Friday, April 19, 2024

Top Chinese Official Refutes Soros Prediction for Hard Landing

China will avoid the kind of hard landing predicted by the likes of billionaire investor George Soros as policy makers still have enough tools to maintain reasonable growth as they seek to overhaul the world’s second-largest economy, the country’s top economic planner said.

QuickTake China’s Pain Points

The Asian nation’s economy will expand by at least 6.5 percent annually for the next five years, after growth of 6.9 percent last year, the slowest pace in a quarter century. The latest forecasts were delivered by Premier Li Keqiang in a work report Saturday at the start of the annual full session of the National People’s Congress. The government will increase its deficit as it shells out more funds to underpin growth and buffer the effects of job cuts in bloated state-run enterprises, Li said.

“China’s economy absolutely will not have a hard landing, the so called hard-landing predictions are bound to fall through,” said Xu Shaoshi, chairman of the National Development and Reform Commission, said Sunday at a press conference in Beijing when asked about recent remarks by Soros.

The economy is facing headwinds, and risks such as declining government revenue, falling prices for industrial commodities and declines in corporate profit “should not be under-estimated,” Xu said. Global factors from financial market fluctuations to geopolitical risk may also impact growth, he said.

Despite the risks, China is achieving its planned rebalance from investment and manufacturing-driven growth to a model based on expanding services and consumer spending, with new businesses and sectors growing rapidly, he said. China will use macro-economic measures to boost consumption, pursue a stable level of foreign trade, and increase effective investment to carry out the economic restructuring, Xu said.

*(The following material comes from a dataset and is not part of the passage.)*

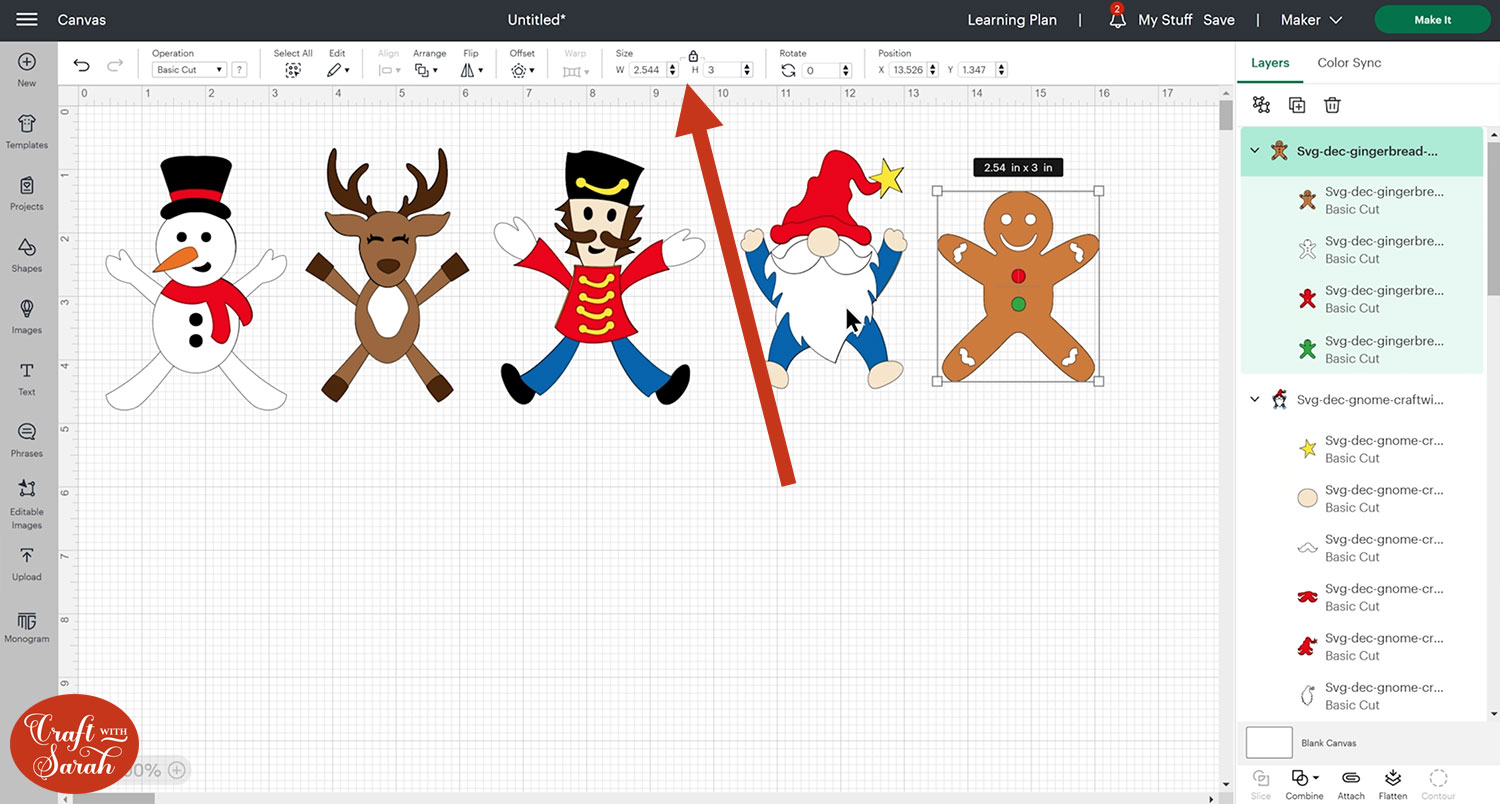 To resize, click one of the designs on your canvas and use the width/height boxes near the top of the screen to make it the size that you want to cut.

China remains an engine for global growth and is not exporting its slowdown and market volatility as some have said, according to Xu. China accounted for about 15 percent of the world’s $73 trillion economy, compared with 24 percent for the United States.

Rising volumes of Chinese imports especially of commodities from crude oil to iron ore and fertilizers, as well as a 14.7 percent increase in non-financial foreign direct investment last year, are also positive for global growth, Xu said.

“There is no justification to the argument that China’s economy is weighing down the global economy,” said Xu. The theory that fluctuations in China’s stock and currency markets in January subsequently led to volatility in U.S. and European stock markets “overestimate China’s capabilities; China does not have such a big spillover effect,” he said.

As part of its structural reform, China’s overhaul of state-owned enterprises and reduction of overcapacity in industries from iron and steel to coal production will not lead to massive layoffs, as local governments and companies have come up with various ways to cushion the blow, Xu said. China has set aside 100 billion yuan ($15 billion) to help displaced workers at state-owned enterprises, Li said in his work report.

In the last round of SOE reforms by then-premier Zhu Rongji following slower expansion in the 1990s, some 60,000 firms were closed and 40 million workers lost their jobs, according to government data.

Another difficult reform is smoothing out imbalances in the property market, he said. Home prices in first-and second-tier cities are rising at a relatively rapid pace, while lower-level cities face a glut of unsold homes.

China has already cut taxes on home transactions and eased mortgage down payment requirements to support the property market. Its commercial housing stockpile stood at 719 million square meters by the end of last year, Xu said. The government will encourage migrant workers to settle in urban areas to digest existing homes, while curbing unreasonable, speculative demand that drives up prices in big cities.